* Activity *
From the first line to the last, set down the material exactly and drop every picture.

* Data shown *
════════════════
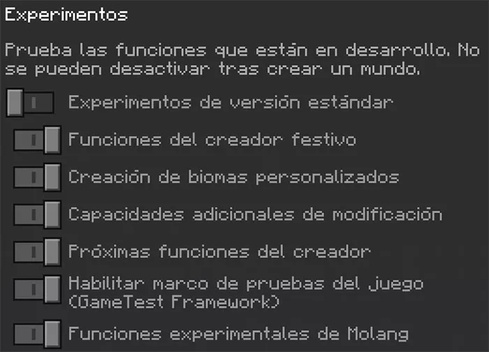 ВАЖНО!!! Для работы мода включит все функции экспериментального режима игры, как это показано на картинке ниже!!!
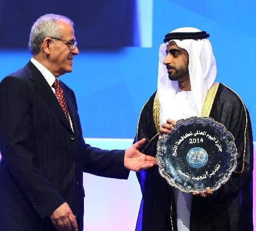 世界卫生安排颁发阿联酋沙迦酋长谢赫苏尔坦·本··卡西米世界烟草操控荣誉奖,以赞誉他本人和沙迦酋长国在控烟方面所做出的尽力和完成的效果。记者安江 摄
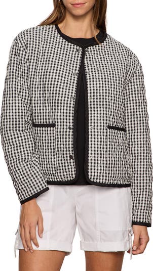 Build out your black-and-white collection with a cute quilted jacket turned out in cheerful gingham checks.
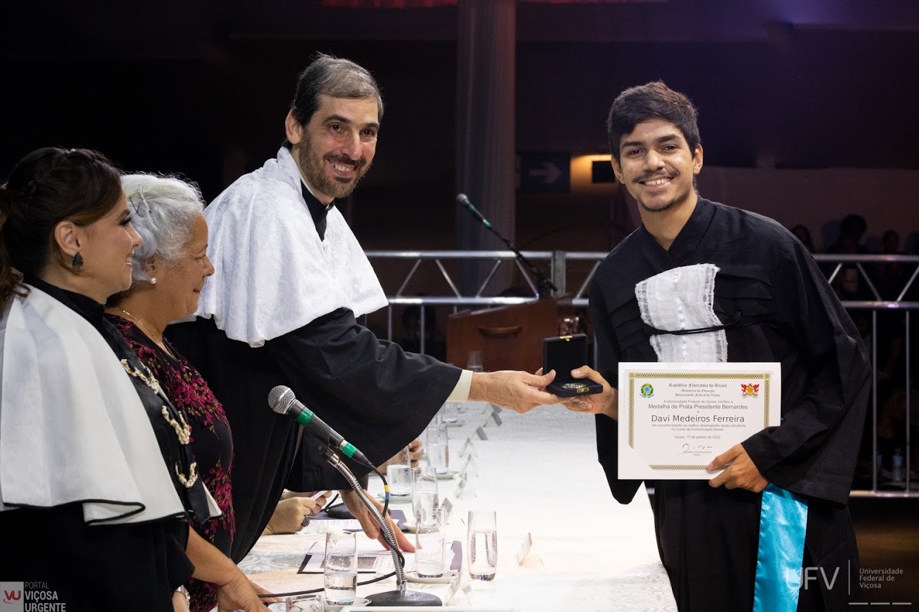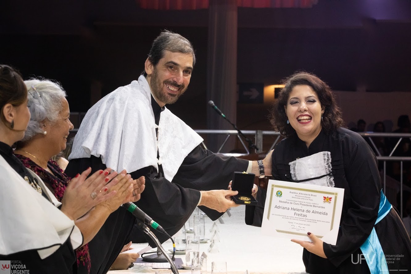 Durante a solenidade de colação de grau dos Centros de Ciências Biológicas e da Saúde (CCB) e Ciências Humanas, Letras e Artes (CCH) da Universidade Federal de Viçosa (UFV), a estudante do Curso de Comunicação Social – Jornalismo, Adriana Helena de Almeida Freitas, recebeu a Medalha de Ouro Presidente Bernardes, por ter o maior coeficiente entre todos os acadêmicos dos cursos vinculados ao Centro de Ciências Humanas. Somente um(a) estudante de cada Centro recebeu a medalha, conforme Resolução 10/2009 do Conselho Universitário (CONSU). No evento, ocorrido na noite da última sexta-feira (17), outro estudante do Curso foi homenageado. Davi Medeiros Ferreira recebeu medalha de prata. Antes, pela manhã do mesmo dia, Antônio Carlos Vieira havia recebido uma menção honrosa pelo seu desempenho acadêmico durante a graduação em Comunicação.
════════════════
* Result of the exercise *
 ВАЖНО!!! Для работы мода включит все функции экспериментального режима игры, как это показано на картинке ниже!!!
 世界卫生安排颁发阿联酋沙迦酋长谢赫苏尔坦·本··卡西米世界烟草操控荣誉奖,以赞誉他本人和沙迦酋长国在控烟方面所做出的尽力和完成的效果。记者安江 摄
 Build out your black-and-white collection with a cute quilted jacket turned out in cheerful gingham checks.
 Durante a solenidade de colação de grau dos Centros de Ciências Biológicas e da Saúde (CCB) e Ciências Humanas, Letras e Artes (CCH) da Universidade Federal de Viçosa (UFV), a estudante do Curso de Comunicação Social – Jornalismo, Adriana Helena de Almeida Freitas, recebeu a Medalha de Ouro Presidente Bernardes, por ter o maior coeficiente entre todos os acadêmicos dos cursos vinculados ao Centro de Ciências Humanas. Somente um(a) estudante de cada Centro recebeu a medalha, conforme Resolução 10/2009 do Conselho Universitário (CONSU). No evento, ocorrido na noite da última sexta-feira (17), outro estudante do Curso foi homenageado. Davi Medeiros Ferreira recebeu medalha de prata. Antes, pela manhã do mesmo dia, Antônio Carlos Vieira havia recebido uma menção honrosa pelo seu desempenho acadêmico durante a graduação em Comunicação.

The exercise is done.